Just War Thought and Nuclear Deterrence

            In Nuclear Ethics, David Hollenbach describes two categories of thought on nuclear deterrence that he uses as extremes between which to situate the middle of the road perspective of the U. S. Catholic Bishops and other “nuclear pacifists” such as himself[6]. These are the perspectives of total pacifism and what I have earlier called “realism.”  While I am not totally in agreement with Hollenbach’s use of these categories, I do find them useful in mapping the current debate.
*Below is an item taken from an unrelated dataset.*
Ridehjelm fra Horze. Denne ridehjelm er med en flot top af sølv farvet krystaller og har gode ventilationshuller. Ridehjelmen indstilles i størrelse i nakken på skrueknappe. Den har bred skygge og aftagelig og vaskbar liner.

            Hollenbach, like most typologists who set up two extremes, opts for a middle, mediating perspective which, in his view, recognizes the complexity of historical existence in a fallen world while at the same time not jettisoning Christian morality.  Without accepting the superiority of Hollenbach’s own position, we can still agree that he has made a helpful distinction, one that highlights not only differences regarding deterrence, but also even more fundamental differences regarding the meaning and usage of just war thought in general.

            For the total pacifists who discuss deterrence (e.g., Raymond Hunthausen and Gordon Zahn), both principle and pragmatism enter into their rejection of deterrence as a legitimate moral stance with regard to nuclear weapons. On a general level, it is seen simply to be wrong to threaten to kill millions of people and to develop the capability of doing so.  It would seem that all people who think morally about modern war would agree, though pacifists also reject the idea that other wrongs might make this wrong a lesser one.
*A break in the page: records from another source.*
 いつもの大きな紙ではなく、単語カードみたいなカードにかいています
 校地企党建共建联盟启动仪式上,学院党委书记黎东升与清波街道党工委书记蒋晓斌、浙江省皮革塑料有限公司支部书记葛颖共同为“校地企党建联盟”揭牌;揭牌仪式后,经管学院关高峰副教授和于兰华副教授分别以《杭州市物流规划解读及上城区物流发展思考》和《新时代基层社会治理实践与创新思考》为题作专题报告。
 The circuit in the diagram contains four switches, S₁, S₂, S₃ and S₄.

            Namely, for these pacifists no potential loss of freedom or violation of human rights is as bad as killing millions of innocent people (or “guilty” people either, for that matter).  This is why these pacifists reject war in general and why rejection of deterrence is part of a broader rejection of war and just war thought altogether.

            On a more pragmatic level, for Hunthausen, the risks of unilateral disarmament are less than the risks of the present balance of terror which deterrence imposes on the world.  He does not really elaborate much on why he might think this.  Zahn, however, sees anti-communism as an American idolatry used to justify evil and unnecessary armament buildups.  For him, the view that unilateral disarmament is less risky is at least partially based on a view that the Soviet threat is overrated.

            For these pacifists, like the realists (though with very different consequences) but unlike the nuclear pacifists, the possession of nuclear weapons cannot be separated from the intent to use them.  Both are evil and both totally rejected.

            The position that the possession of nuclear weapons may be separated, morally, from the intent to use them is used mostly as a foil by people in the other two camps.  However, it is the logical conclusion for the nuclear pacifist who both rejects all use of nuclear weapons and thinks that it is wrong to threaten to do that which is wrong in itself to do.  The reason that many nuclear pacifists do not go all the way in absolutely rejecting all possession of nuclear weapons is, partly, due to fear that unilateral disarmament would lead to war and/or loss of freedom and human rights (this fear being predicated on the assumption that the Soviet Union needs deterring).  Another reason is fear on the part of nuclear pacifists that if they went this route they would become marginalized and lose any potential for influencing public policy.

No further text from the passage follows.